Sec. 180.1006                  State of Wisconsin
Wis. Stats.           Department of Financial Institutions


             ARTICLES OF AMENDMENT - STOCK, FOR-PROFIT CORPORATION


A.   The present corporate name (prior to any change effected by this amendment)
     is:

   ACTUANT CORPORATION
   -------------------

Text of Amendment (Refer to the existing articles of incorporation and the
instructions on the reverse of this form.  Determine those items to be changed
and set forth the number identifying the paragraph in the articles of
incorporation being changed and how the amended paragraph is to read.)

RESOLVED, THAT the articles of incorporation be amended as follows:

SECTION 3.1 IS HEREBY AMENDED TO READ IN ITS ENTIRETY AS SET FORTH ON EXHIBIT A
ATTACHED HERETO.

THE EFFECTIVE TIME OF THESE ARTICLES OF AMENDMENT SHALL BE AT 8:00 A.M. CENTRAL
TIME ON JANUARY 25, 2001.

B.   Amendment(s) adopted on   JANUARY 9, 2001
                               ---------------

(Indicate the method of adoption by checking (X) the appropriate choice below.)

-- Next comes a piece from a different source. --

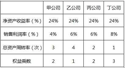 从表格中可看出,乙公司的总资产周转次数最高,意味着乙公司平均每90天(360/4)存货周转一次。其资产使用效率最高。

     (       )  In accordance with sec. 180.1002, Wis. Stats. (By the Board of
     Directors)
OR
     (   X   )  In accordance with sec. 180.1003, Wis. Stats. (By the Board of
     Directors and Shareholders)
OR
     (       )  In accordance with sec. 180.1005, Wis. Stats. (By Incorporators
     or Board of Directors, before issuance of shares)

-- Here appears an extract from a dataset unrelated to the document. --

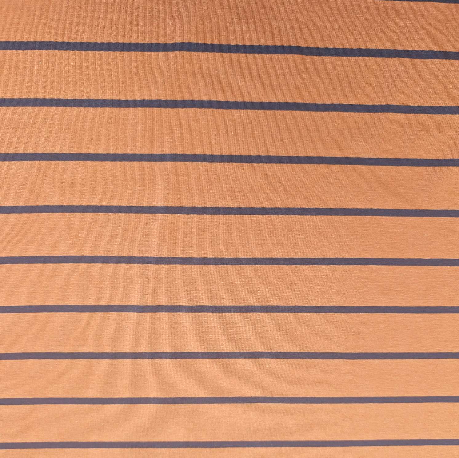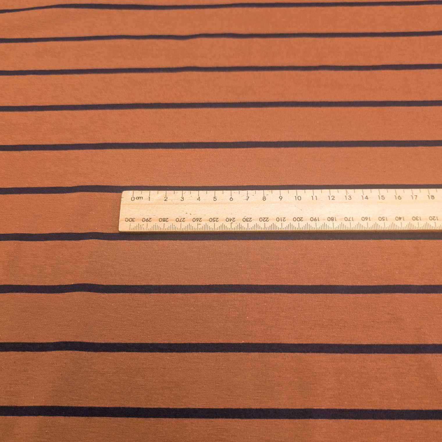 95% cotton, 5% spandex in dusky blue with white stripe. Deep bronze base with 4mm dark navy horizontal stripe. Lovely cotton spandex jersey with excellent return.

C.   Executed on   JANUARY 9, 2001             /s/ Robert C. Arzbaecher
                   ------------------------    ---------------------------------
                                                       (Signature)
Title:  (  X  ) President  (    ) Secretary
or other officer title                             Robert C. Arzbaecher
                      ---------------------    ---------------------------------
                                                       (Printed Name)

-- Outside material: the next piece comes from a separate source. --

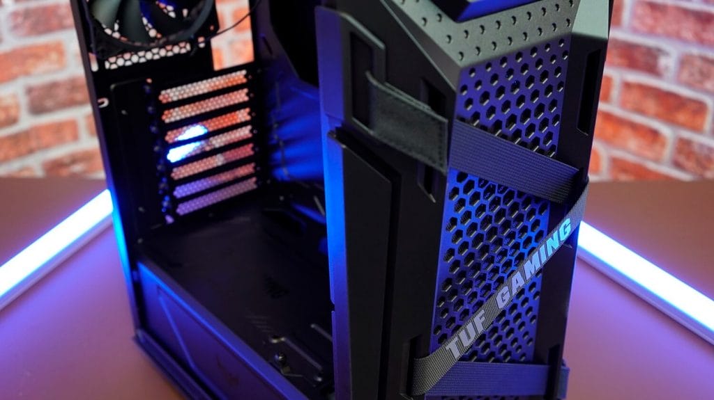 Kasanın yan tarafında temperli cam bulunuyor. Üst tarafında da tozluk yer alıyor. Ön tarafta TUF Gaming ibaresini gördüğümüz kemer bulunuyor. Bu kemerlerin görünüm açısından hoş durduğunu söyleyebiliriz.

This document was drafted by     WALTER J. SKIPPER
                                 -----------------
                    (Name the individual who drafted the document)


                                  EXHIBIT A TO
                            ARTICLES OF AMENDMENT OF
                              ACTUANT CORPORATION

     "3.1 Number of Shares and Classes.  The aggregate number of shares which
the Corporation shall have authority to issue is as follows:

          (a)  Class A Common Stock.  16,000,000 shares of Class A Common Stock,
     having a par value of $.20 per share.
          (b)  Class B Common Stock.  1,500,000 shares of Class B Common Stock,
     having a par value of $.20 per share.
          (c)  Cumulative Preferred Stock.  160,000 shares of Cumulative
     Preferred Stock, having a par value of $1.00 per share."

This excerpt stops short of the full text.